* **Task instructions**: Using the entries below, copy exactly each line from the line with "See material selector" up to and including the line with "FIG. 1 Arrangement", with every picture left out.

* **Materials provided**:
►
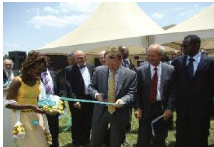
Inauguration
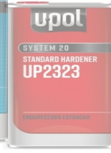
Clears and Primers
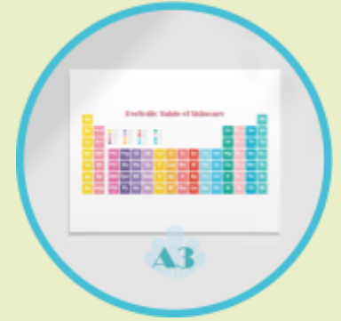
Periodic Table of Skincare
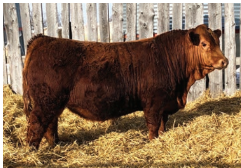
NAC GREG 27G
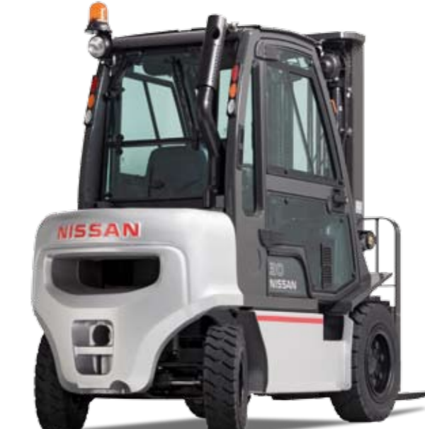
DX Series 1.5 - 3.2 tonne, LPG & Diesel
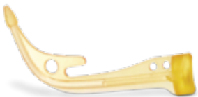
Figure 4 Production is compatible with 3D Systems' entire portfolio of NextDent® materials to facilitate full customization of dental devices. You can also choose from Figure 4 specialty materials for sacrificial tooling, jewelry casting, medical applications requiring biocompatibility and/or sterilization, and more.

See material selector guide and individual material datasheets for specifications on available materials.
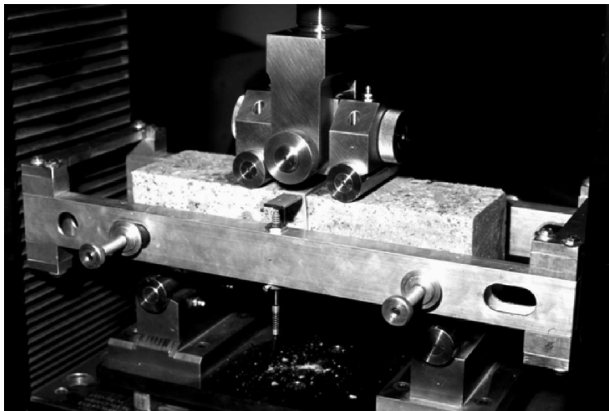
FIG. 1 Arrangement to Obtain Net Deflection by Using Two Transducers Mounted on Rectangular Jig Clamped to Specimen Directly Above Supports

NOTE 6—For X-Y plotters, accurate determination of the area under the load-deflection curve and the loads corresponding to specified deflections is only possible when the scales chosen for load and deflection are reasonably large. A load scale chosen such that 25 mm [1 in.] corresponds to a flexural stress of the order of 1 MPa [150 psi], or no more than 20 % of the estimated first-peak strength, is recommended. A recommended deflection scale is to use 25 mm [1 in.] to represent about 10 % of the end-point deflection of 1/150 of the span, which is 2 mm [0.08 in.] for a 350 mm by 100 mm by 100 mm [14 in. by 4 in. by 4 in.] specimen size, and 3 mm [0.12 in.] for a 500 mm by 150 mm by 150 mm [20 in. by 6 in. by 6 in.] specimen size. When data are digitally stored, the test parameters may be determined directly from the stored data or from a plot of the data. In the latter case, use a plot scale similar to that recommended for an X-Y plotter.
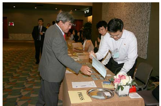
~ We are ready ~
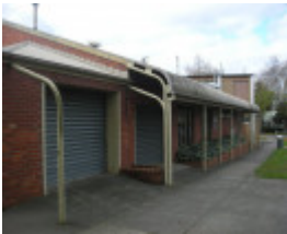
Building H and I, Corbould Building, Automotive Skills Centre.jpg
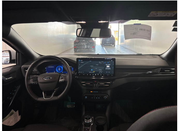
Figure 8: Instrument panel
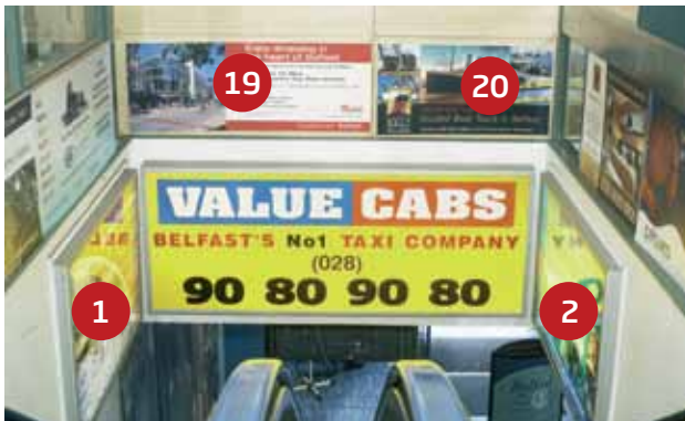
1 Site 1

Our lightboxes are the ideal opportunity to showcase your business - and all four are in prominent positions within the Welcome Centre. All you need to do is provide us with a duratran of your image. Lightbox supplied.
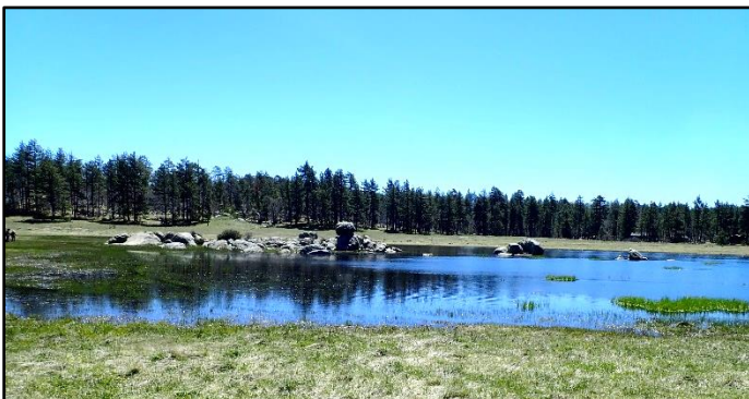
A full Little Laguna Lake, which many years is dry by May, was still full in May 2023.
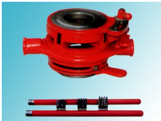
Ratchet die stocks, type114
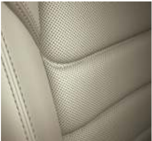
Parchment Leather Grand Touring and Grand Touring Reserve
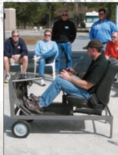
For our driving session, heel-and-toe shifting was addressed but not emphasized. They had this cool practice rig to help hone our skills on the short periods of time when we weren't on the track.

After two other sessions testing our shifting skills and threshold braking, we were headed for some track time with our instructors. Just outside of Savannah is a small track called Roebling Road. With broad, sweeping turns, this track is quite fast and you'll
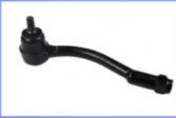
Tie Rod End
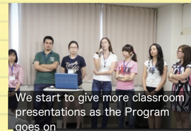
We start to give more classroom presentations as the Program goes on
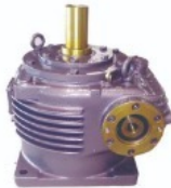
Worm Vertical Input Hollow Gearbox
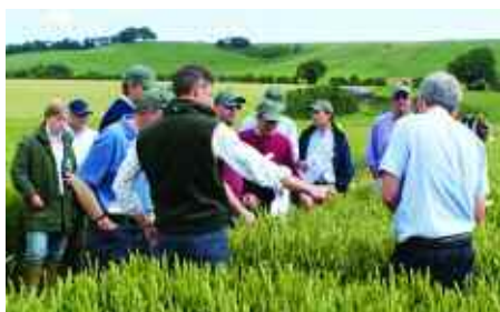
The new project is very farmer-focused and will give growers a clear picture on how to adapt strategies.

AHDB Information Sheets 48 and 49 have been updated with the latest fungicide activity and performance in wheat and barley. To download them, go to cereals.ahdb.org.uk/publications and search publications for IS48 (wheat) or IS49 (barley).
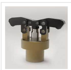
Double Link Clamp
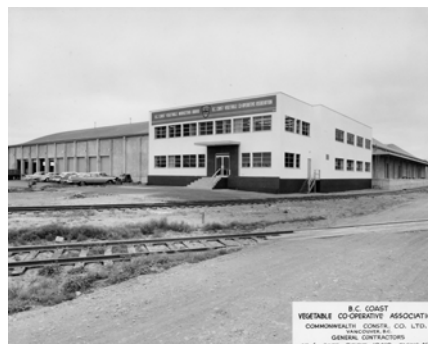
The BC Coast Vegetable Co-operative Association's Richmond plant at the time of its official opening in 1959.

City of Richmond Archives Photograph 2015 3 1
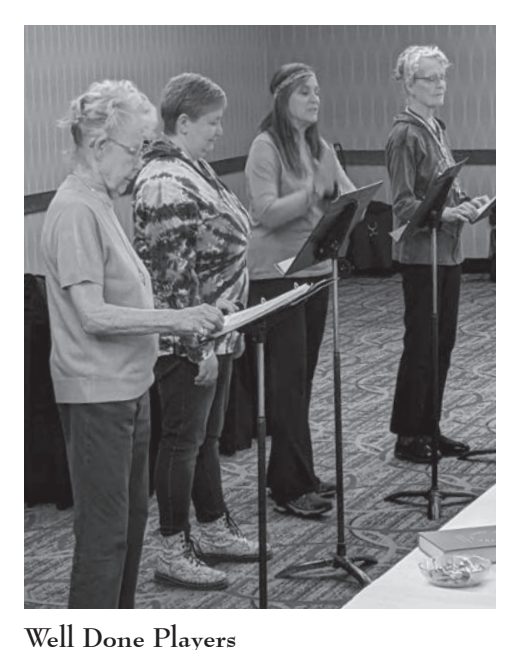
The Well Done Players from Rapid City entertained attendees with clever, well-written happenings in the 1960's.
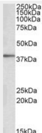
PRKCDBP antibody (0.1 ug/ml) staining of Human Adipose cell lysate (35 ug protein/ml in RIPA buffer).
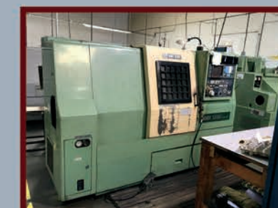
Mori Seiki SL-15 CNC Lathe, Fanuc MF-4 Control, 6" Kitagawa 3-Jaw Ck, Tailstock
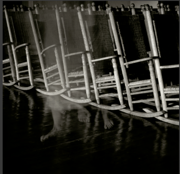
Seasonal Two-step, 2023 Silver gelatin print 7 x 7" AS132
◄
* **Result of the exercise**:
See material selector guide and individual material datasheets for specifications on available materials.
FIG. 1 Arrangement to Obtain Net Deflection by Using Two Transducers Mounted on Rectangular Jig Clamped to Specimen Directly Above Supports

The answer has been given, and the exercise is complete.